Cette semaine, l’Union des Villes et Communes de Wallonie a annoncé la création d’un réseau des élues locales. Une initiative soutenue par le ministre wallon des Droits des femmes.
L'idée est de renforcer la place et le rôle des élues dans la vie politique locale, de favoriser des parcours politiques durables et d’encourager l’émergence de nouveaux leaderships féminins au niveau local.
Pourtant, la place des femmes en politique ne devrait plus jamais être un sujet de discussion. Car tant qu’on en discutera, tant que ce genre d’initiative sera nécessaire, c’est qu’on considère qu’il y a matière à débat. Et pour que ce débat disparaisse de la sphère sociopolitique, il faut prendre des mesures qui assurent qu’un jour, peut-être, cela devienne un non-sujet.
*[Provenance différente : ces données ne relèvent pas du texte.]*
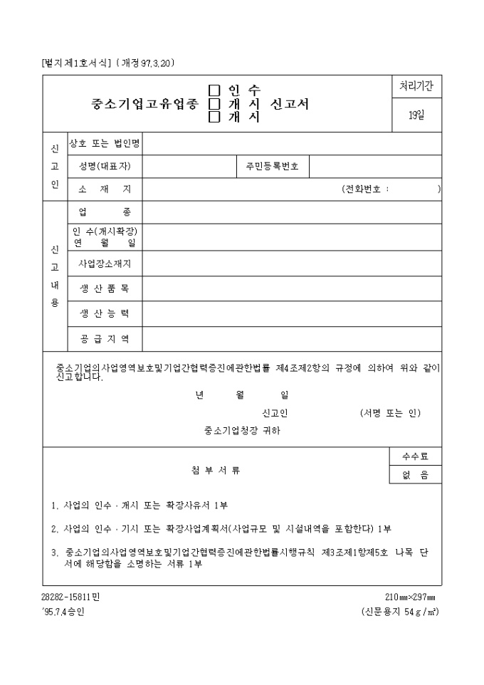 9,000원/월◎ 중소기업고유업종(인수,개시,확장)신고서 ◎ 대기업자 등이 중소기업 고유업종을 인수·개시 또는 확장하고자 할 경우에 신고 ◎ 근거법령 ㅇ중소기업의사업영역보호및기업간협력증진에관한법률 제4조 ㅇ동법 시행령 제4조 ㅇ동법 시행규칙 제4조 ◎ 구비서류 ① 신청서 1부 [별지 제1호 서식] ② 사업의 인수·개시 또는 확장사유서 1부 ③ 사업의 인수·개시 또는 확장사업계획서(사업규모 및 시설내역을 포함한다) 1부 ④ 동법 시행규칙 제3조 제1항 제5호 나목 단서에 해당함을 소명하는 서류 1부(필요시 첨부)
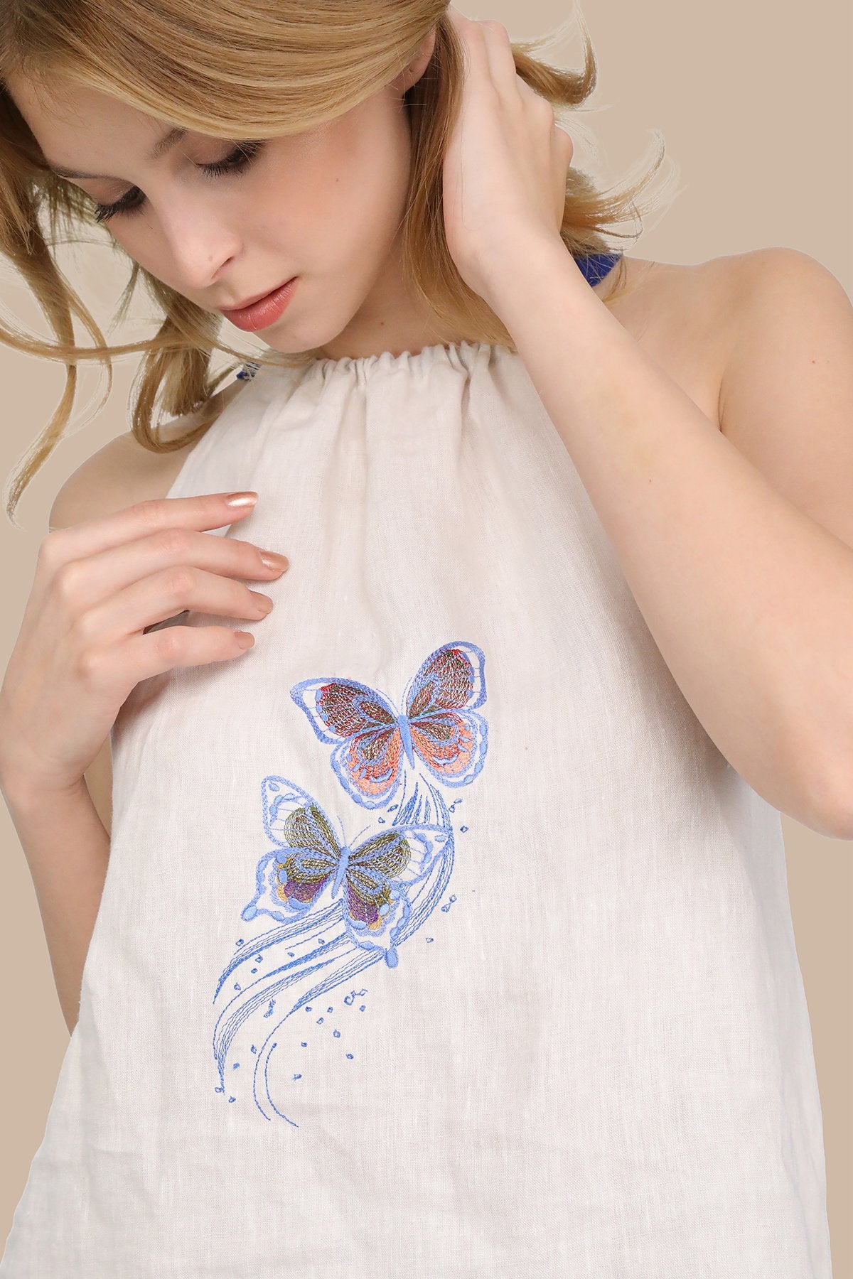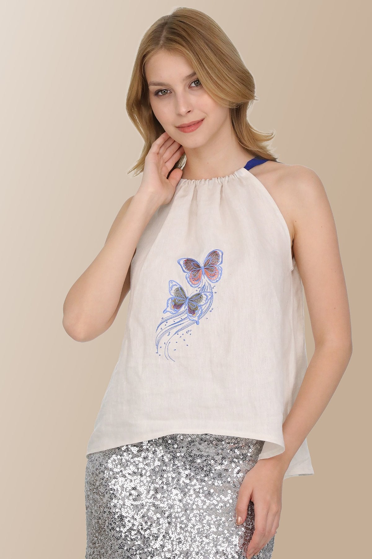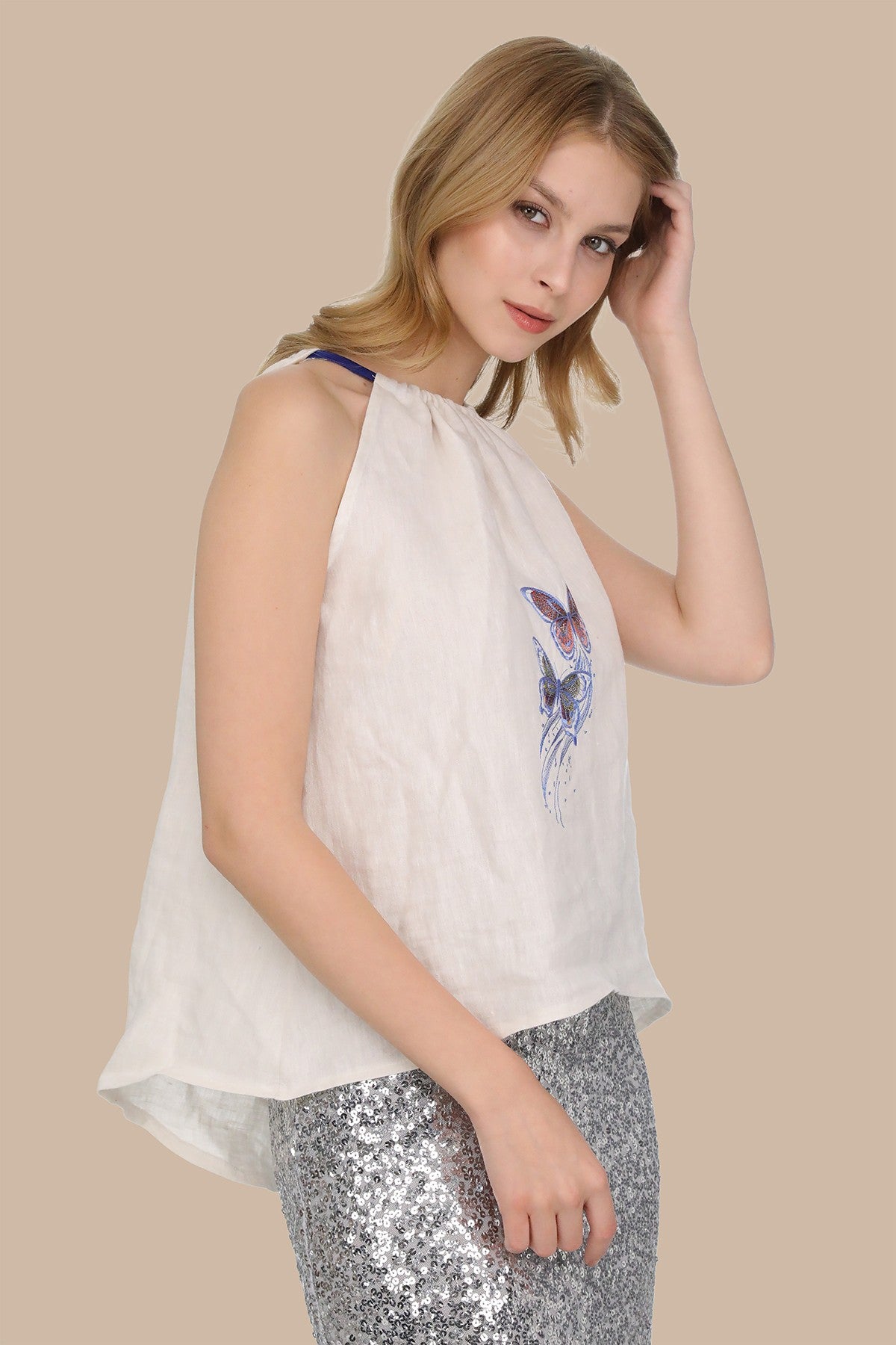 Krem rengindeki keten kumaştan üretilen bu bluz, zarif kelebek nakışları ve asimetrik kesimiyle dikkat çekiyor. Japon kol tasarımı, modern ve şık bir siluet sunarken, nefes alabilen yapısı sayesinde konfor sağlar. Hem günlük hem de özel davetlerde rahatlıkla tercih edilebilecek bu parça, kaliteli işçiliği ve özgün detaylarıyla gardırobunuza kusursuz bir dokunuş katacaktır.

Pourquoi cette différence de traitement entre hommes et femmes ?
;C’est avant tout le regard que nous, hommes, portons sur les femmes qui se lancent en politique qui induit une sorte de remise en cause, fût-elle inconsciente, soit de leurs capacités, soit de leur motivation. Un regard totalement biaisé par des siècles de domination masculine sur les appareils du pouvoir.
Et les avancées réalisées depuis 100 ans dans la reconnaissance de cette évidence — le rôle fondamental des femmes en politique ou dans la réflexion sociale et citoyenne — cachent très mal les résistances farouches d’une bonne partie des hommes à l’accession des femmes aux responsabilités.
Certains, aujourd’hui, en 2026, ne se contentent pas en effet de remettre en cause la place des femmes en politique, mais les agressent parfois verbalement. Y compris au sein même des enceintes politiques comme les parlements ou les conseils communaux. Sexisme ordinaire, allusions salaces, dénigrement. « Retourne dans ta cuisine », « Va t’occuper de tes gosses ». Récemment, la ministre flamande du Logement, de l’Énergie et du Climat, du Tourisme et de la Jeunesse est la cible de commentaires haineux en ligne, suite à l’annonce de son congé maternité.
En direct ou bien au chaud derrière leur PC, dans l’anonymat des réseaux sociaux qui, décidément, permettent tout, les attaques envers les femmes politiques continuent de se multiplier. Et la tendance actuelle au regain de masculinisme datant d’un autre âge n’est pas là pour arranger les choses.
Alors qu’on pourrait espérer, au XXIe siècle, ne plus en parler, il faut au contraire taper sur le clou, légiférer, garantir que la place des femmes en politique, mais aussi leurs conditions de travail au sein même des institutions, soient renforcées et même sanctuarisées. C’est désolant, mais c’est ainsi. Il y a eu les quotas sur les listes électorales, mais aussi au sein des parlements, des gouvernements, des collèges communaux. Récemment, une proposition de décret a été adoptée : il y a quelques semaines, grâce à un vote, les élues locales peuvent désormais bénéficier d’une allocation de maternité sans devoir suspendre leur mandat. Et aujourd’hui, ce réseau d’élues locales vient renforcer la place des femmes en politique. Tout cela va dans le bon sens.
Bref, il y a encore du boulot, et pas que sur le plan légal. Mais aussi, et surtout, dans les mentalités. Faute de quoi, comme le dit la chercheuse du CRISP Caroline Sägesser, la dureté de la vie publique risque de n’attirer que des « profils solides, voire asociaux pour survivre ». Et dans le contexte actuel, c’est certainement la dernière chose dont nos démocraties ont besoin.